(Beginning of Provided records)

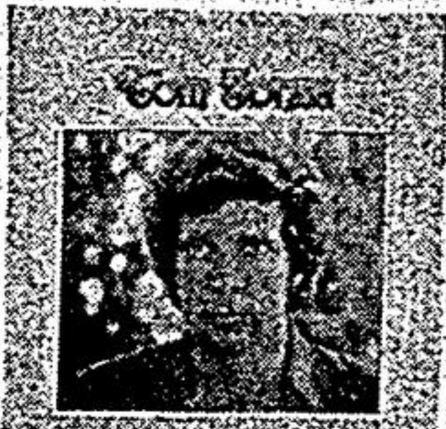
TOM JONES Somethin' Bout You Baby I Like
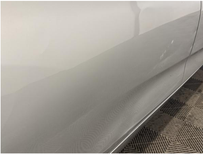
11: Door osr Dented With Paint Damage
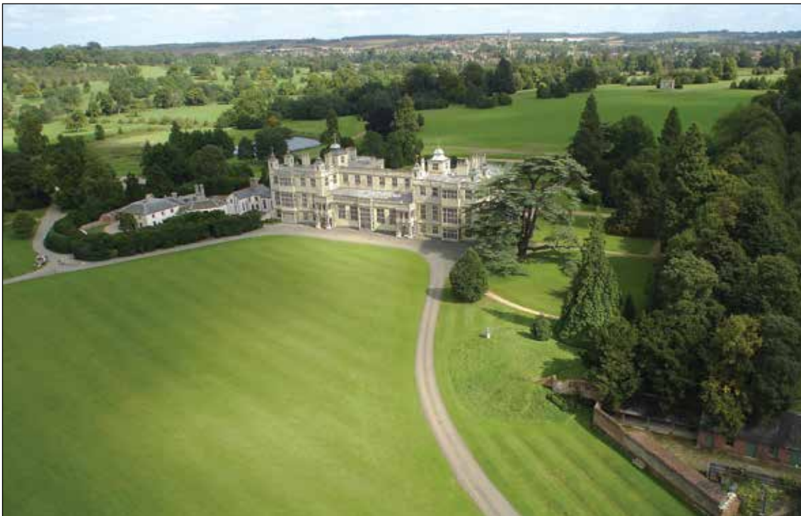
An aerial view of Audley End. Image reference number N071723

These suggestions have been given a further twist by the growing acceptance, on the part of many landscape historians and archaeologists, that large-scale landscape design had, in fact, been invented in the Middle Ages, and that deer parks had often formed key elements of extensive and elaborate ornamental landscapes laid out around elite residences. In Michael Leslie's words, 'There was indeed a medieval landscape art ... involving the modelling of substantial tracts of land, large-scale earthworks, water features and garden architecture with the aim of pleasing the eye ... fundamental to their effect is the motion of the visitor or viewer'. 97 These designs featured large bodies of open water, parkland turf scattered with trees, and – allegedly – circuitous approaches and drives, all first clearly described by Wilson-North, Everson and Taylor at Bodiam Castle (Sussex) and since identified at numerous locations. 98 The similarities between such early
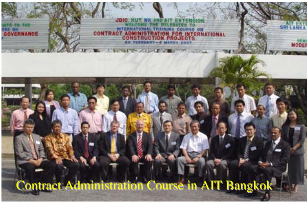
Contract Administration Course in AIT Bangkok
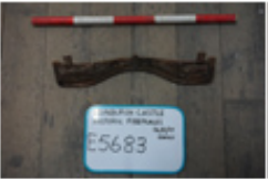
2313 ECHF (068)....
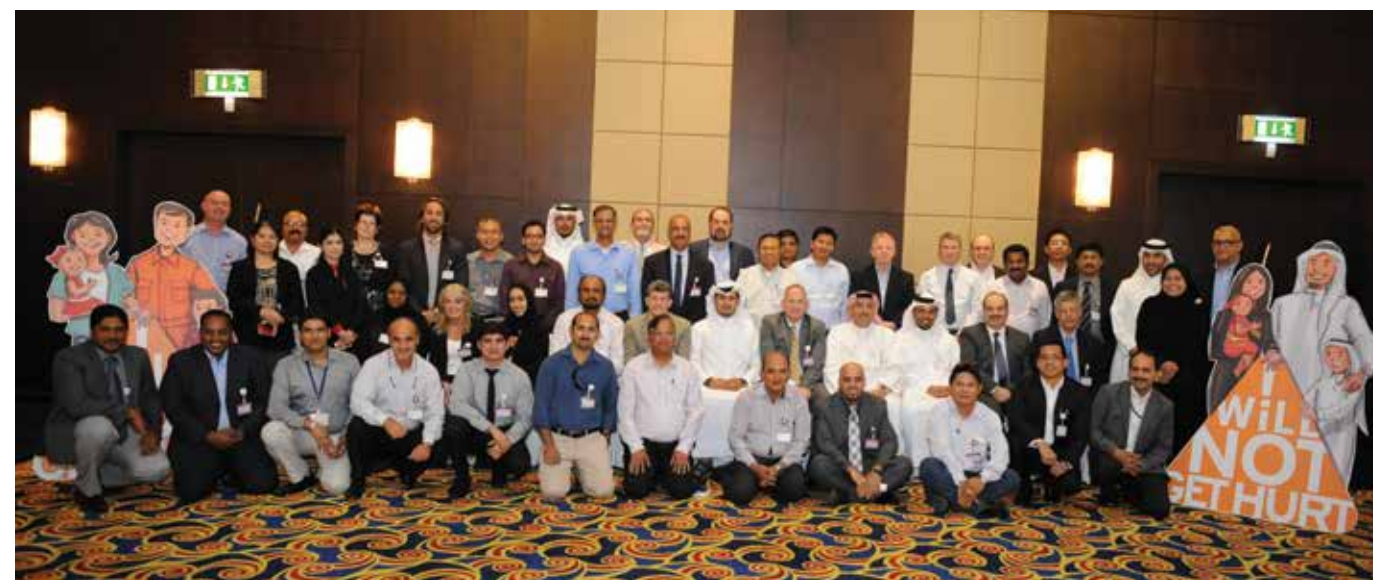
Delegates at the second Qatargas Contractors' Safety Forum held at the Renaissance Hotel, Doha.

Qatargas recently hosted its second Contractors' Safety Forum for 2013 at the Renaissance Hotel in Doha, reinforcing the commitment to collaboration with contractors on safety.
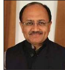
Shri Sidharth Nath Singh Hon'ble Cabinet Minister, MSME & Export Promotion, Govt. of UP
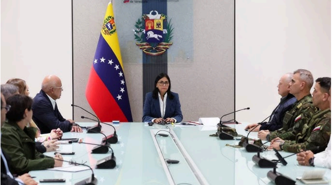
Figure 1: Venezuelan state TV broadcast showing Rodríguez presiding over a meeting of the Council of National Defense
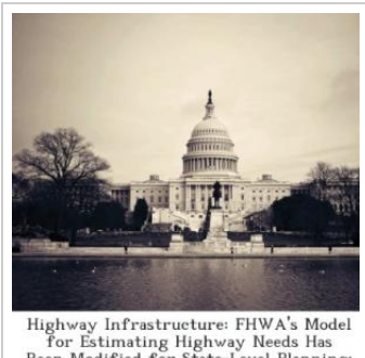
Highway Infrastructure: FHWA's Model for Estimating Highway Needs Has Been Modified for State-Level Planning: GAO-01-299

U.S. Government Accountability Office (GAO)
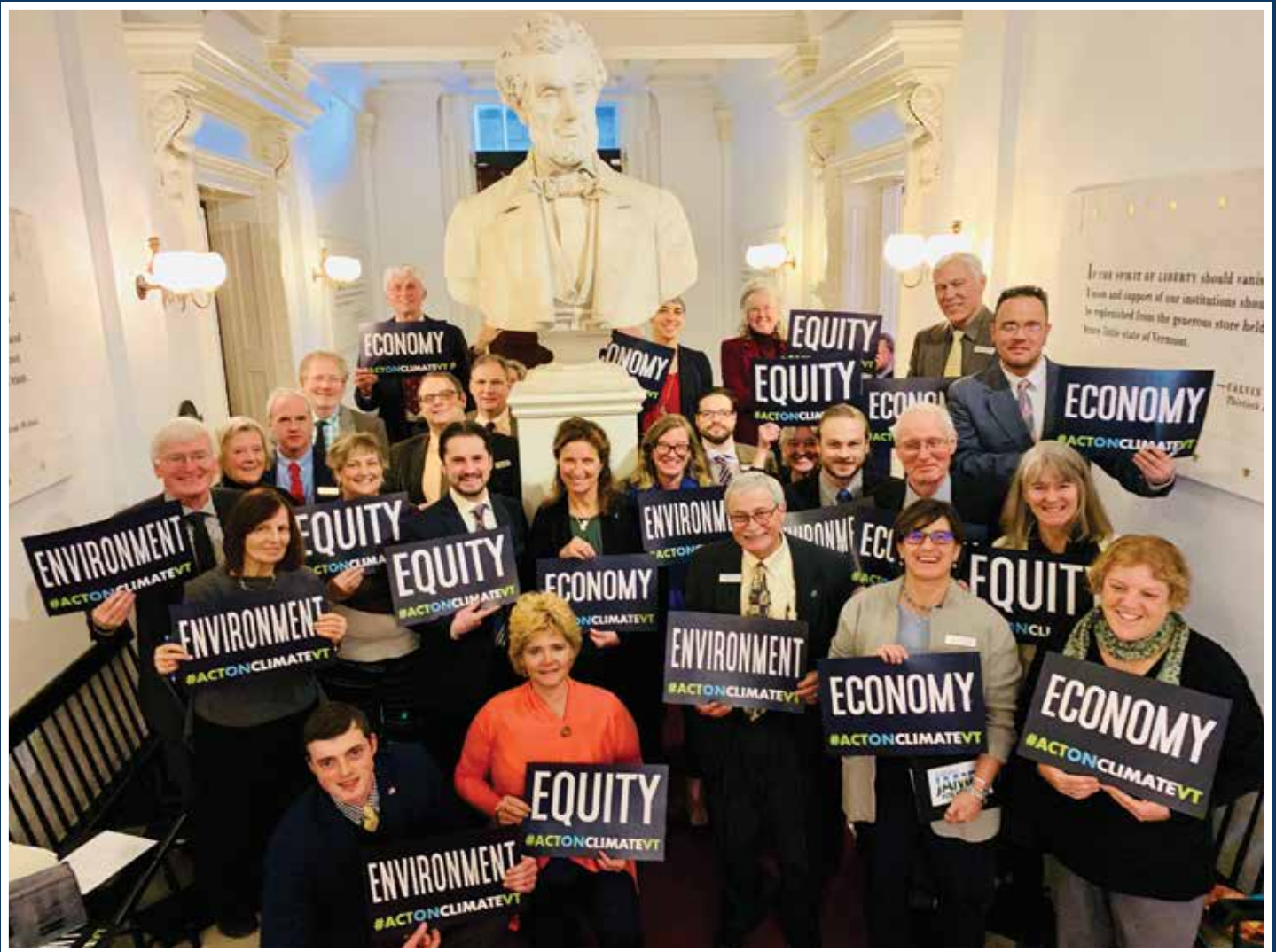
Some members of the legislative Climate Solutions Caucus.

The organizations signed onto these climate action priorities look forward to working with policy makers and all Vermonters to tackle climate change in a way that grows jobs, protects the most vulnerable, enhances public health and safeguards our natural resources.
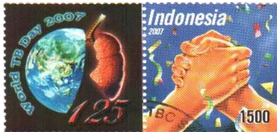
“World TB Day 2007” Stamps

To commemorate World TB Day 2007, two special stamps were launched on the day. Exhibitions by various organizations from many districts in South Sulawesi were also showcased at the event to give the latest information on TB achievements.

(End of Provided records)

What is required — Each line of the data should be printed again exactly. Please leave pictures out.

Answer for this exercise —
TOM JONES Somethin' Bout You Baby I Like
11: Door osr Dented With Paint Damage
An aerial view of Audley End. Image reference number N071723

These suggestions have been given a further twist by the growing acceptance, on the part of many landscape historians and archaeologists, that large-scale landscape design had, in fact, been invented in the Middle Ages, and that deer parks had often formed key elements of extensive and elaborate ornamental landscapes laid out around elite residences. In Michael Leslie's words, 'There was indeed a medieval landscape art ... involving the modelling of substantial tracts of land, large-scale earthworks, water features and garden architecture with the aim of pleasing the eye ... fundamental to their effect is the motion of the visitor or viewer'. 97 These designs featured large bodies of open water, parkland turf scattered with trees, and – allegedly – circuitous approaches and drives, all first clearly described by Wilson-North, Everson and Taylor at Bodiam Castle (Sussex) and since identified at numerous locations. 98 The similarities between such early
Contract Administration Course in AIT Bangkok
2313 ECHF (068)....
Delegates at the second Qatargas Contractors' Safety Forum held at the Renaissance Hotel, Doha.

Qatargas recently hosted its second Contractors' Safety Forum for 2013 at the Renaissance Hotel in Doha, reinforcing the commitment to collaboration with contractors on safety.
Shri Sidharth Nath Singh Hon'ble Cabinet Minister, MSME & Export Promotion, Govt. of UP
Figure 1: Venezuelan state TV broadcast showing Rodríguez presiding over a meeting of the Council of National Defense
Highway Infrastructure: FHWA's Model for Estimating Highway Needs Has Been Modified for State-Level Planning: GAO-01-299

U.S. Government Accountability Office (GAO)
Some members of the legislative Climate Solutions Caucus.

The organizations signed onto these climate action priorities look forward to working with policy makers and all Vermonters to tackle climate change in a way that grows jobs, protects the most vulnerable, enhances public health and safeguards our natural resources.
“World TB Day 2007” Stamps

To commemorate World TB Day 2007, two special stamps were launched on the day. Exhibitions by various organizations from many districts in South Sulawesi were also showcased at the event to give the latest information on TB achievements.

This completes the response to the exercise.